Displaced Sudanese wait to receive humanitarian aid at the Abu al-Naga displacement camp in the Gedaref State, some 420km east of the capital Khartoum on February 6, 2026. (AFP)
Displaced Sudanese wait to receive humanitarian aid at the Abu al-Naga displacement camp in the Gedaref State, some 420km east of the capital Khartoum on February 6, 2026. (AFP)

A drone attack by a notorious paramilitary group hit a vehicle carrying displaced families in central Sudan Saturday, killing at least 24 people, including eight children, a doctors’ group said.

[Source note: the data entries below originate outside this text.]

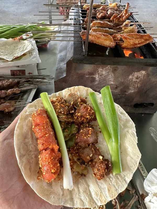 這一桌燒烤菜品其實跟各地的燒烤品種並沒有獨特之處,淄博燒烤的靈魂三件套,就是雙層烤爐、小蔥和小餅,劉康一傢四口點的菜品主要有這幾種:
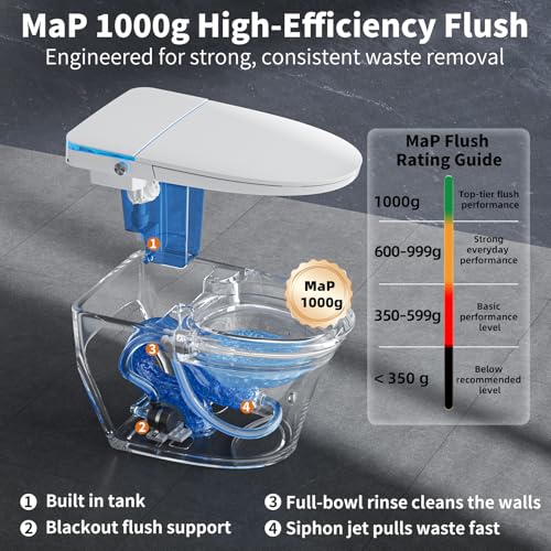 BUILT?IN TANK & POWER FLUSH:This Modern toilet delivers a powerful 1,000 g MaP flush for reliable waste removal. Built?in tank keeps flushing strong and stable even when home water pressure is low or fluctuates. Internal battery box lets you finish basic flushing during outages, and the auto lid opens as you approach, then auto?flushes and soft?closes after you stand—less bending, fewer touch points. Adjustable sensor range keeps response precise in tighter bathrooms.
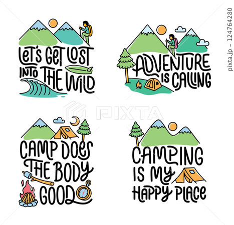 Camping Set. Backpacking and Hiking cartoon doodle illustrations on white background. Tourists equipment for Trekking
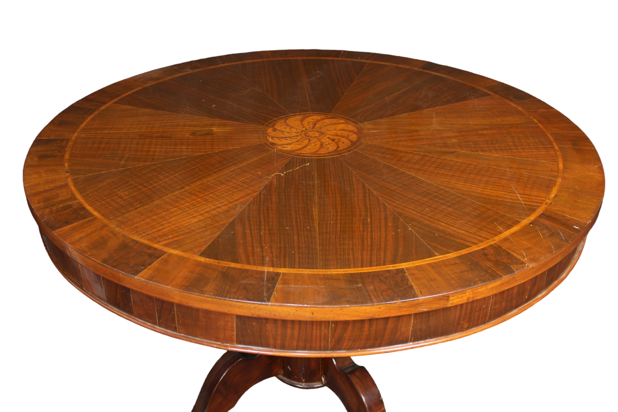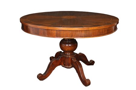 TAVOLO DA CENTRO in legno di noce e intarsiato in varie essenze di legno piede centrale maestranze Emiliane Primi 800 h cm 79 x 125
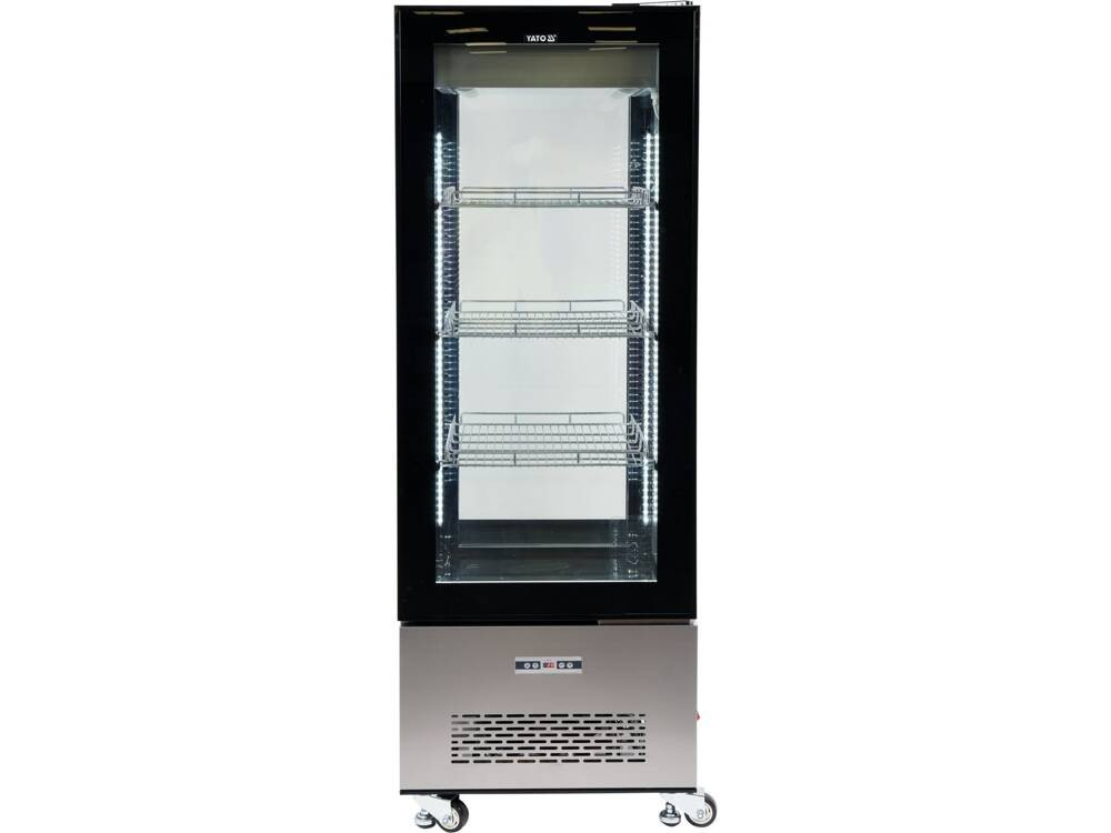 YATO álló hűtővitrin 400L űrtartalommal, fekete színben, 650x650x1908mm méretekkel.
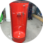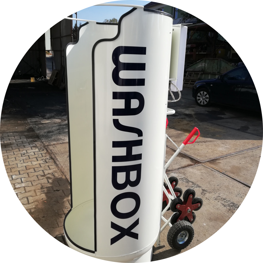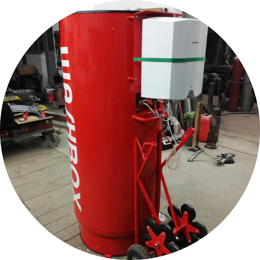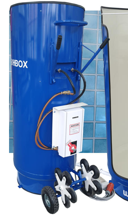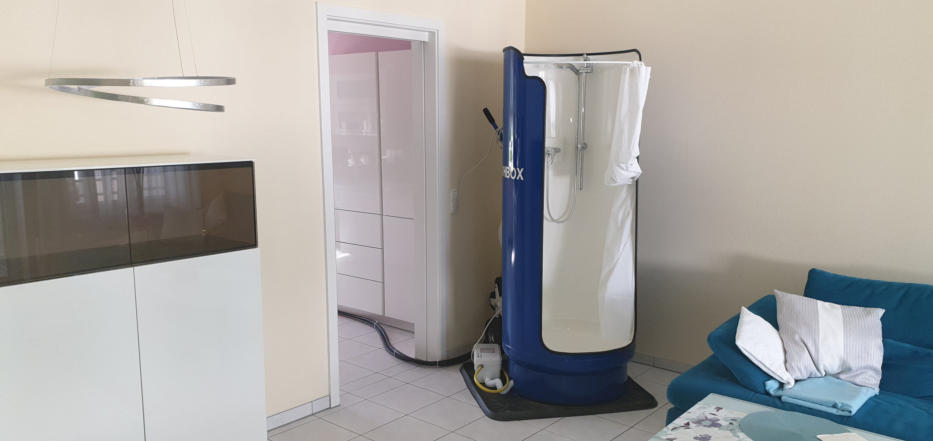 Mobile Dusche als indoor Lösung bei Umbauarbeiten, mobile dusche, washbox, mobile Toilette, Ersatzbad, Brandschaden, Wasserschaden, mobile Badanhänger
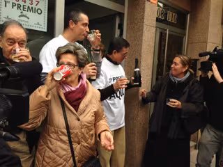 Mientras la celebración continuaba, con brindis incluido, Ramona, la mujer de Ángel, mostraba el décimo a los medios. "Voy a ir a Cuba a ver cómo está Fidel", bromeó la mujer al ser preguntada sobre lo qué hará con el premio.
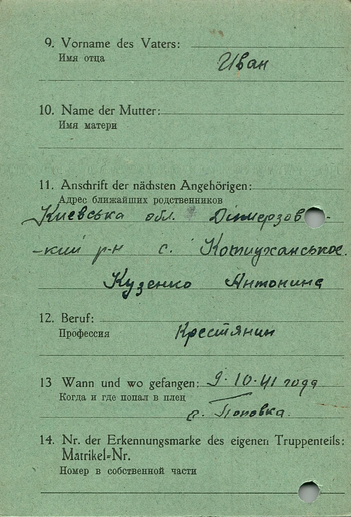 Военнопленные, трофейные карточки. Киевская обл.
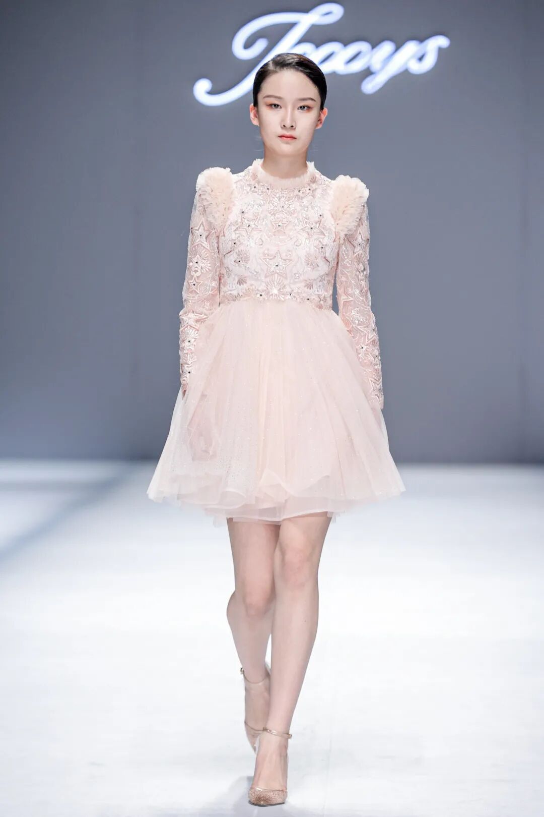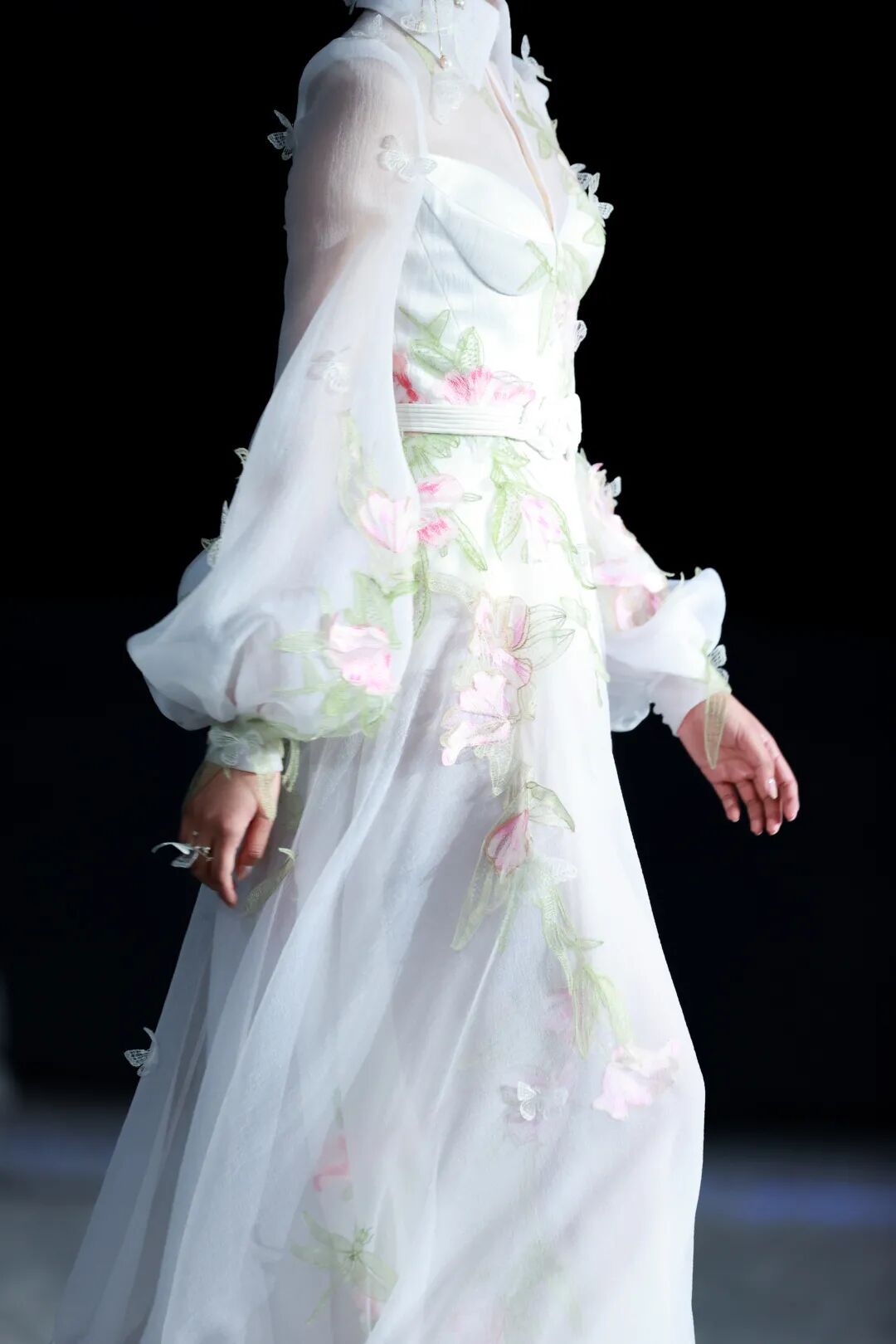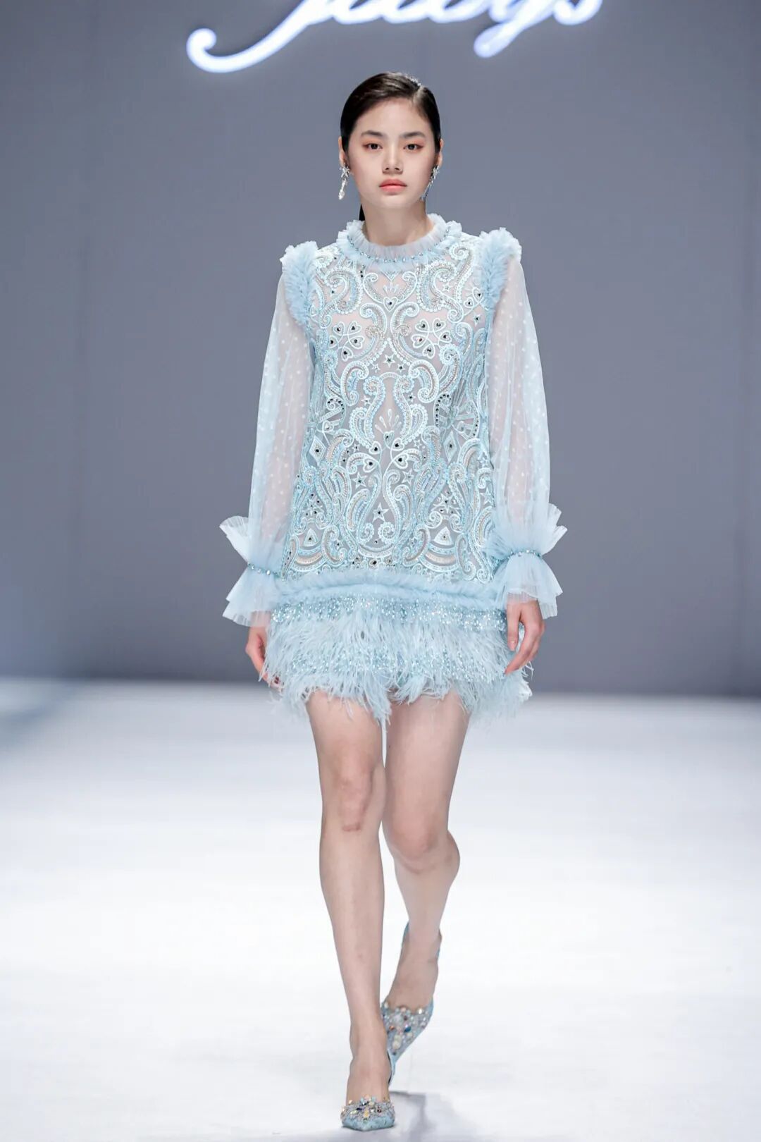 盖娅传说服饰基于中国非遗工艺和西式轮廓剪裁,把国风艺术运用到服装里,致力于将中国传统文化转化为独特的服饰美学,本季设计中引用到苏绣、纳纱绣、打籽绣、金丝绣、盘金绣等中国传统刺绣工艺,诠释非遗工艺设计之美。
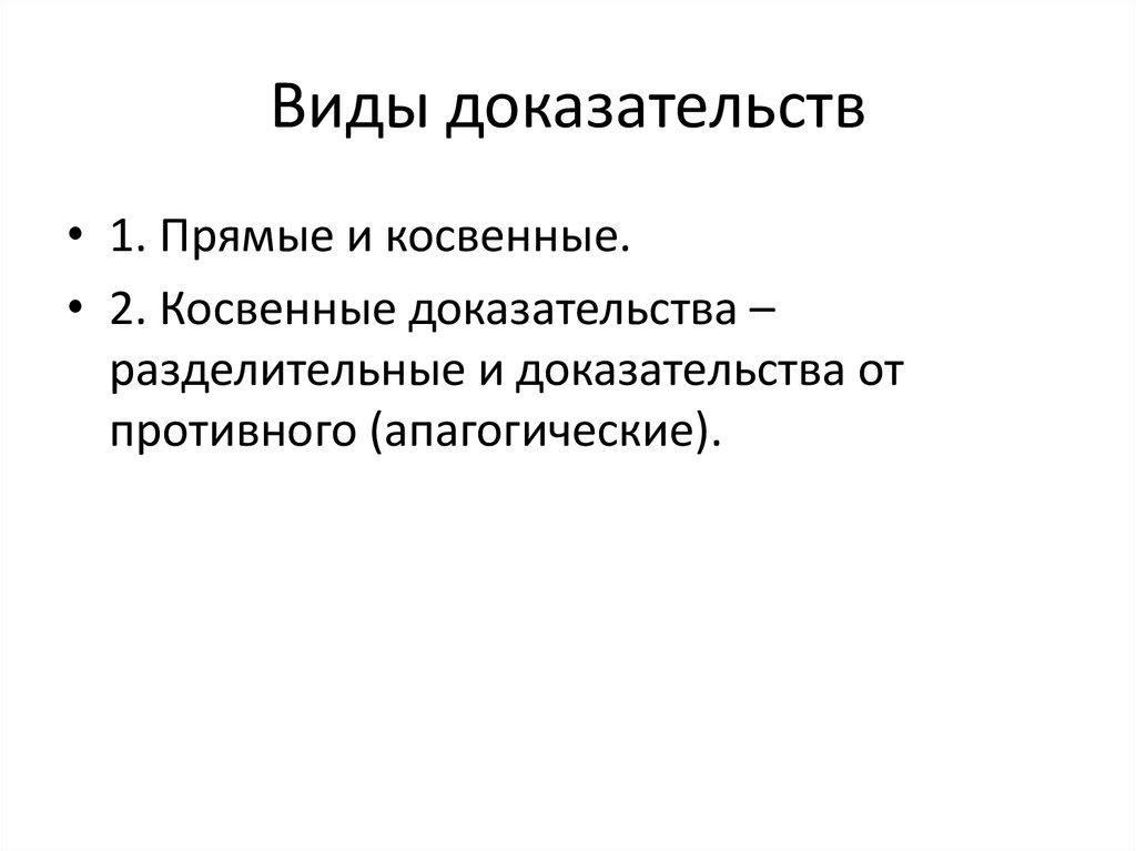 • 1. Прямые и косвенные.• 2. Косвенные доказательства –
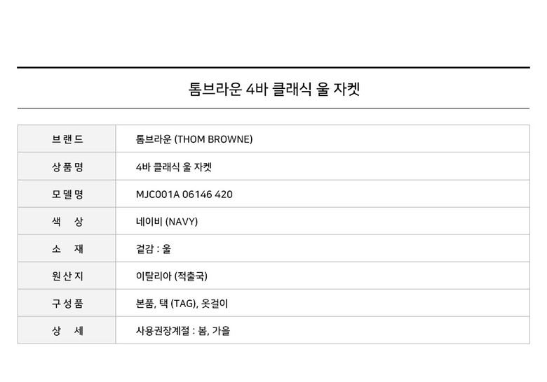 - #리본즈코리아 #MJC001A06146420 #[명품] #톰브라운 #4바 #클래식 #울 #자켓 #네이비 #MJC001A #06146 #420 #남성 #의류 #아우터 #캐주얼자켓
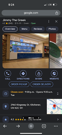 At 8:55 PM, I placed an order at the food court (Jimmy The Greek) and received my food by 9:00 PM. As I was peacefully eating, a mall security guard abruptly approached me at 9:10 PM and forced me to leave the food courtâdespite the fact that the mall clearly posts its closing time as 9:30 PM.
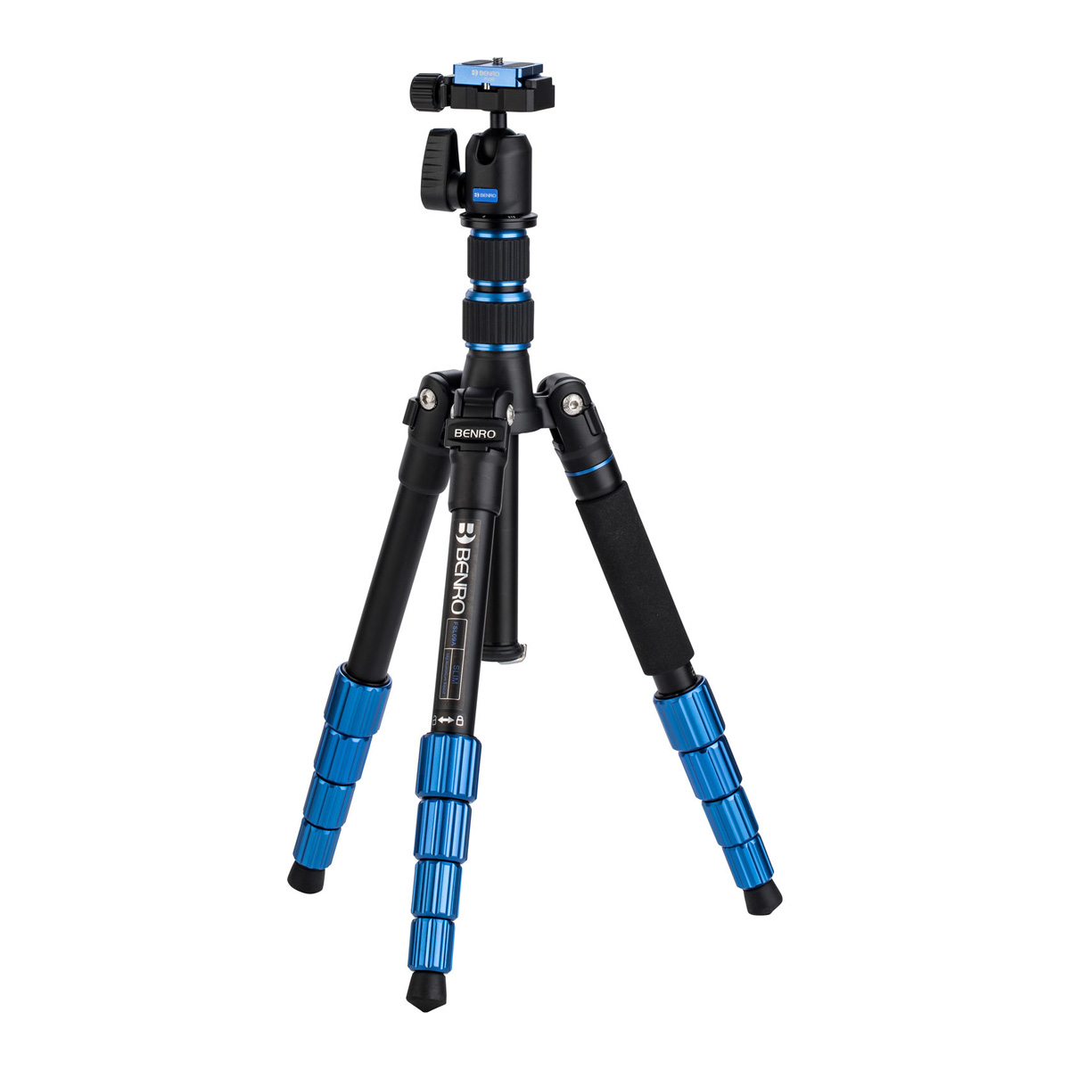 The Benro Slim series has been expanded and now includes two new models that are the perfect travel tripod. Each has 5 sections and the reverse folding design reduces the folded size to only 12.9" (33cm). but don’t let its small size fool you, these tripods open to an impressive 57.1" (145cm) making them a practical solution for photographers who need to travel light but still need to travel with a tripod. There are two models of the Slim travel offering either aluminum or Carbon Fiber construction. Aluminum gives strength but Carbon Fiber remains the ultimate material for lightness and stability. The Slim travel tripod legs are fitted with anodized aluminum twist locks that only require a quick half turn to lock and unlock. A grooved center column prevents twisting when in use and can be reversed for low to the ground shots. Benro Slim travel features a lightweight shoulder, which has 3 leg positions and each leg can be positioned individually for uneven terrain. A weight hook is located underneath the center column for windy conditions and the rubber feet on the tripod are fixed. Staying level is made easy with a bubble level on the quick release clamp. Both versions of the Slim travel series use the compact N00 head. This removable aluminum ball head has an oversized ratchet style single locking control knob for easy operation and a panoramic scale. The ball head includes a blue anodized aluminum Arca-Swiss style quick release plate with a d-ring 1/4"-20 thread. A compact carry case is included.

The attack by the Rapid Support Forces occurred close to the city of Rahad in North Kordofan province, said the Sudan Doctors Network, which tracks the country’s ongoing war.

The vehicle transported displaced people who fled fighting in the Dubeiker area of North Kordofan, the doctors’ group said in a statement. Among the dead children were two infants, the group said.

The doctors’ group urged the international community and rights organizations to “take immediate action to protect civilians and hold the RSF leadership directly accountable for these violations.”

There was no immediate comment from the RSF, which has been at war against the Sudanese military for control of the country for about three years.

Sudan plunged into chaos in April 2023 when a power struggle between the military and the RSF exploded into open fighting in the capital, Khartoum, and elsewhere in the country.

The devastating war has killed more than 40,000 people, according to UN figures, but aid groups say that is an undercount and the true number could be many times higher.

It created the world’s largest humanitarian crisis with over 14 million people forced to flee their homes. It fueled disease outbreaks and pushed parts of the country into famine.